UK Parliament / Open data

Counter-Terrorism and Security Bill

My—admirable and brilliant—noble friend Lady Williams is a co-signatory to that amendment and is going to speak to Amendment 14D. My noble friend Lord Norton of Louth, who unfortunately cannot be here, and the noble Viscount, Lord Hanworth, who is indeed here, also have their names to these amendments.

First, I thank the Minister again for the way in which he has tried to deal with the very many comments and complaints about the Bill. Major advances have been made. The most important, on which this amendment touches but does not major, is the agreement that there must be an affirmative resolution by both Houses before the guidance can take effect. That is a very important concession.

Amendment 14B deals with the preparatory work for the debate which will ensue when the resolution is put to this House and to the other House to bring the guidance into effect. What we say and what Amendment 14B provides is that there cannot be the debate on the affirmative resolution to bring the guidance into effect until at least 28 days after the Government have laid a report before both Houses containing what we would say is essential information in order for both Houses to be fully prepared to debate to best effect the guidance and whether to bring it into effect . We call this a common-sense measure.

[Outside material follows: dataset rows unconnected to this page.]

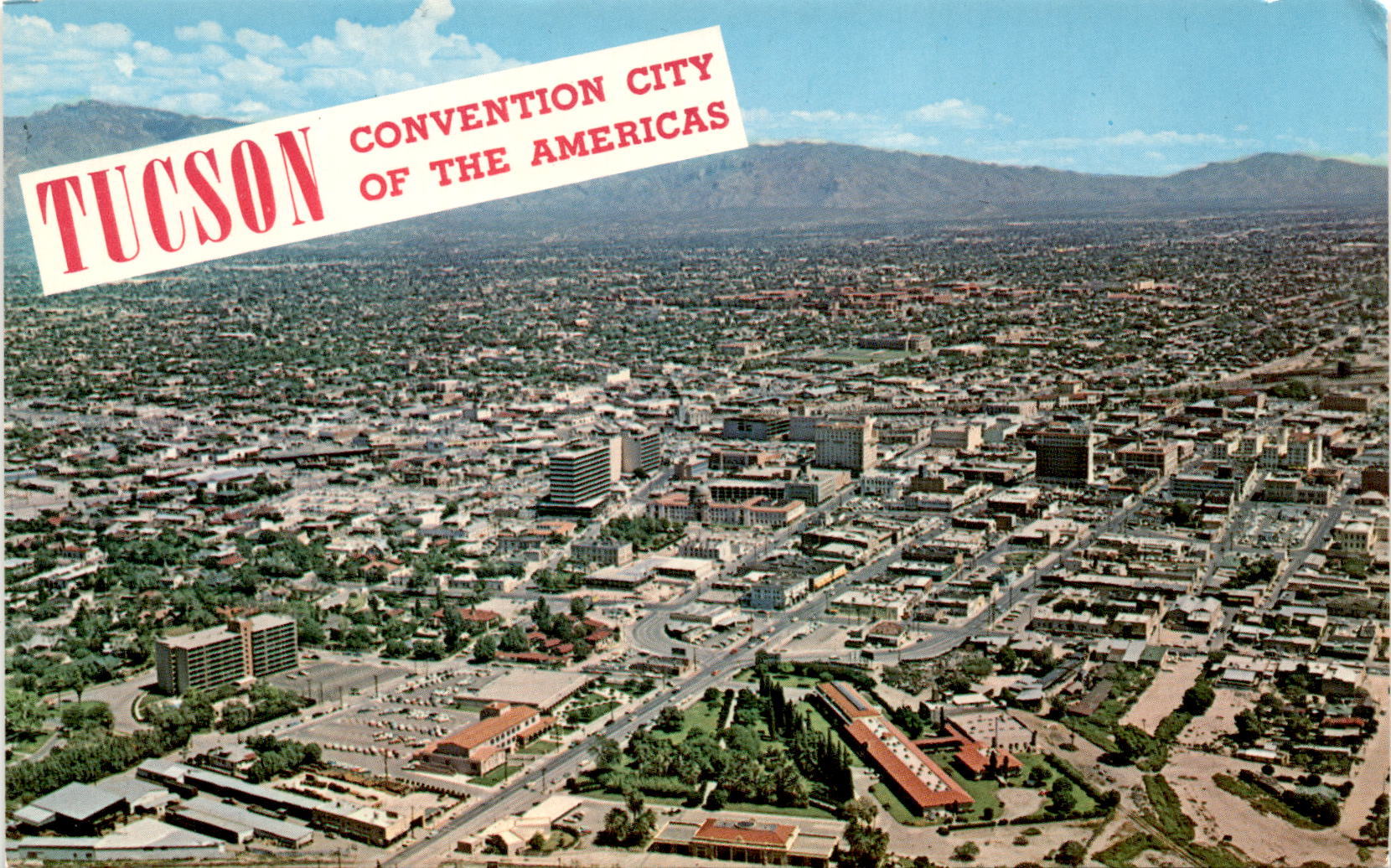 The postcard mentions Tucson as a Convention City of the Americas. Tucson is a city in the state of Arizona, USA. It is known for its beautiful desert landscapes, vibrant arts scene, and rich cultural heritage. Tucson is home to the University of Arizona and offers a variety of outdoor activities like hiking and biking in the nearby mountains and canyons.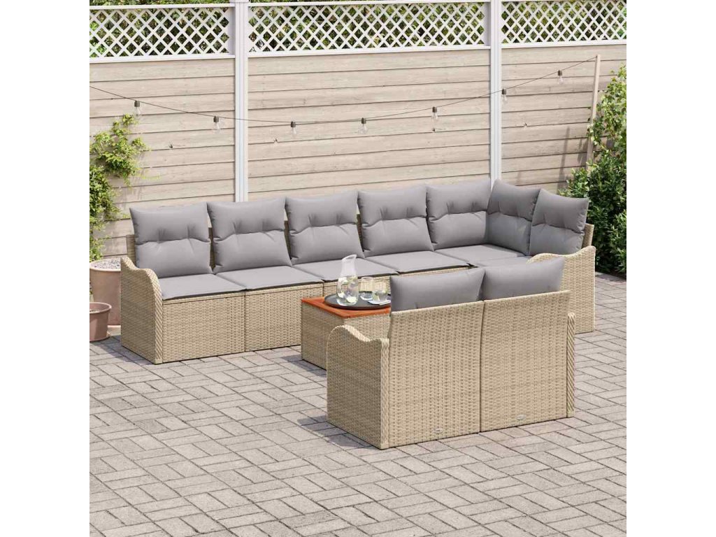 Sada zahradních pohovek s polštářem 9 pcs Béžová polyratan 3347469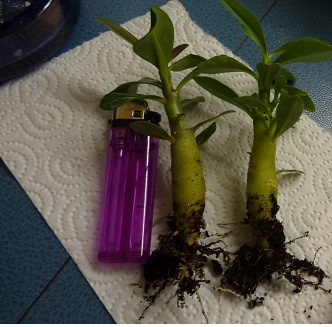 Eine Weiße aus dieesm Trio entwickelt sich hingegen sehr gut, eine andere (welche Blütenfarbe die noch bekommen soll, weiß ich nicht mehr, entweder rot oder weiß) die ist auch immer noch nicht ganz fest am Caudex. Die dümpelt da auch vor sich hin. Bildet aber neue Blattansätze aus..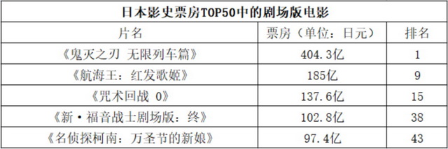 剧场版电影的本质,是基于动漫IP本身的热度或情怀来实现票房号召力,从常规意义上来说,它是一种下限较高,上限较低的产品。在日本影史票房前十中,有七部为动画电影,但只有两部是剧场版电影。把范畴拉到前五十,也只有五部。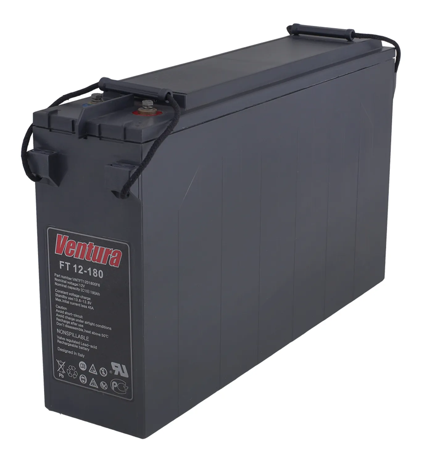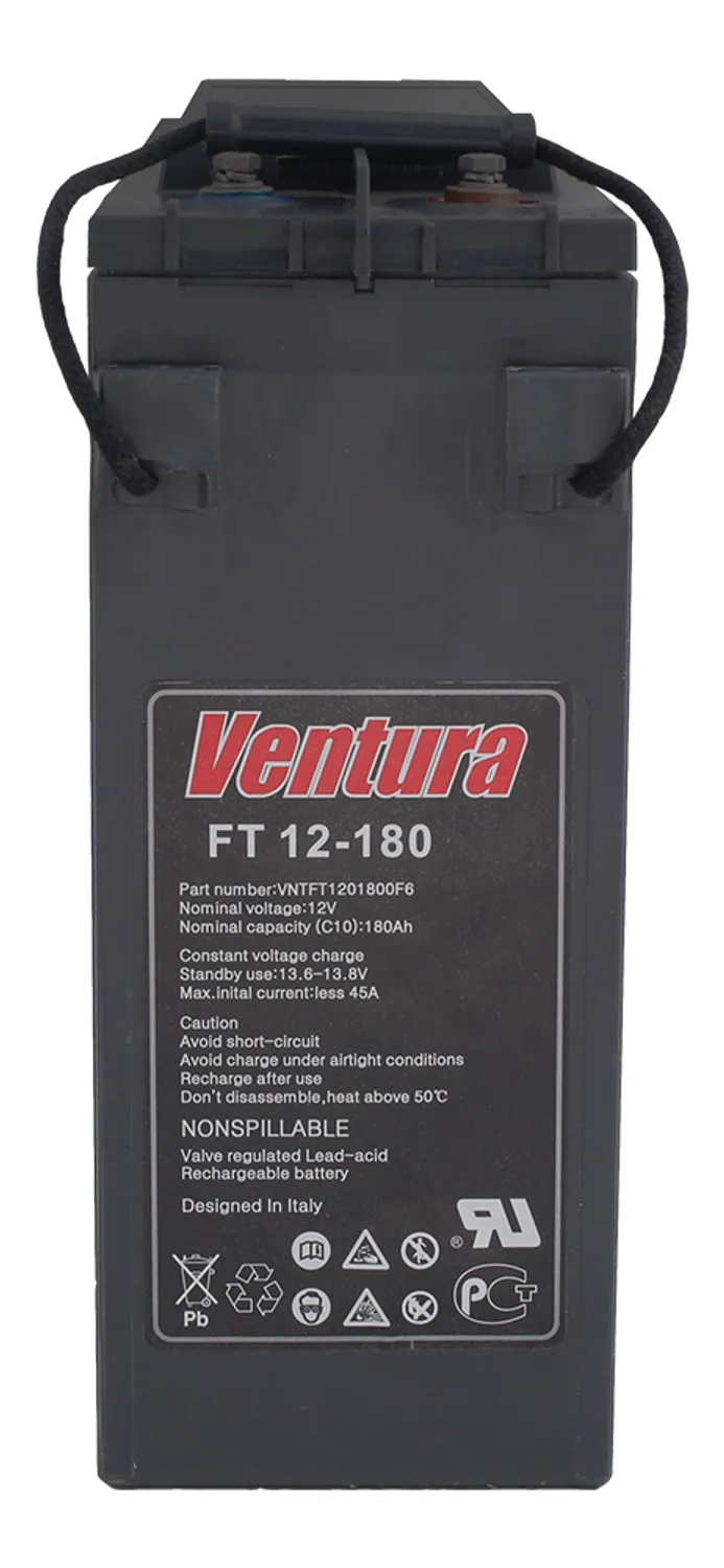 Герметизированные свинцово-кислотные аккумуляторы Ventura FT 12-180 изготавливаются по технологии AGM (технология AGM - аккумуляторы с жидким электролитом, впитанным в стекловолоконный сепаратор).Благодаря особенностям конструкции они обеспечивают высокую выходную мощность, превышающую более чем на 40% выходную мощность стандартных аккумуляторов, изготовленных по технологии AGM.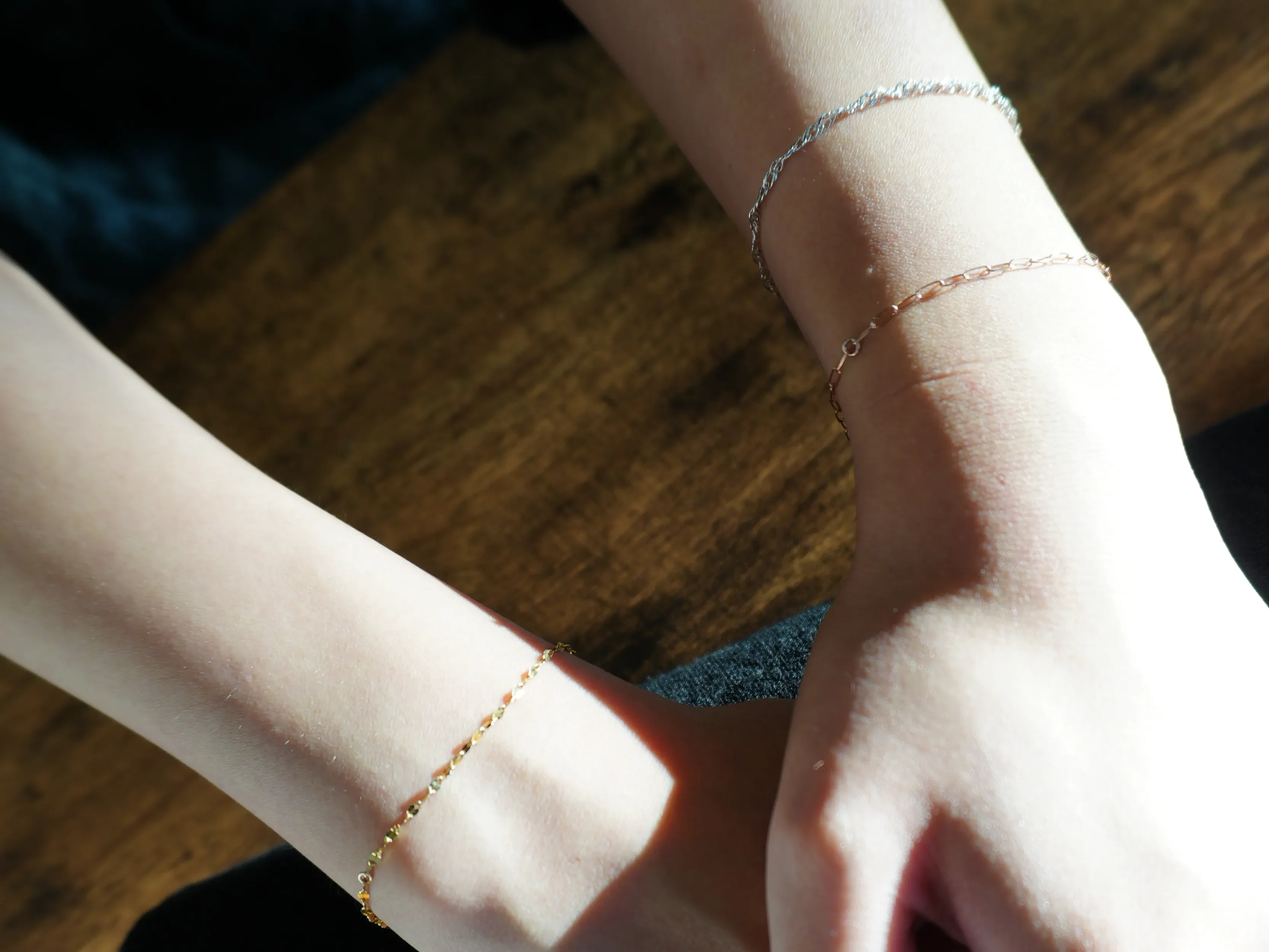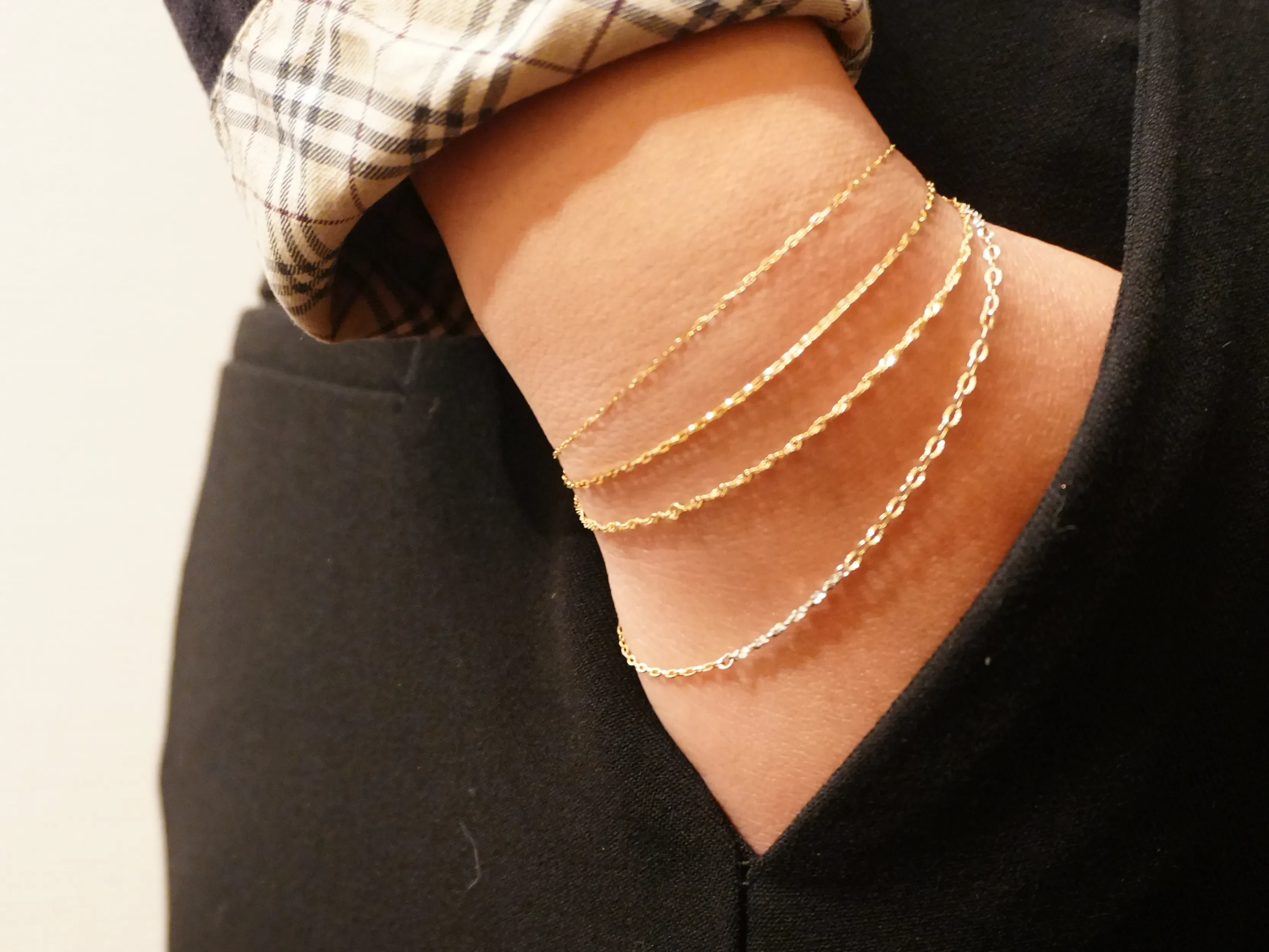 最もスタンダードで人気のあるスタイルです。PC作業中や家事の際も邪魔にならない、着けていることを忘れるほどの溶け込むデザインや装着感が魅力。ふとした瞬間に手首で輝くチェーンが、日常を特別にしてくれます。

The first thing to say is that it is abundantly clear that Part 5 has had very little coverage beyond this place. We heard earlier from the noble Lord, Lord Wilson, that the Cambridge colleges have only just woken up to Part 5 and the potential impact on them, and how they are all now riding very high horses, but very late in the day. Indeed, I have discovered exactly the same position in other parts of the university fraternity. There has been extraordinarily little media coverage of this extraordinarily important set of provisions. As a result, there is not, as one would have expected, the head of steam behind the reforms proposed from all round the House and intended to impact on the effect of Part 5 of the Bill.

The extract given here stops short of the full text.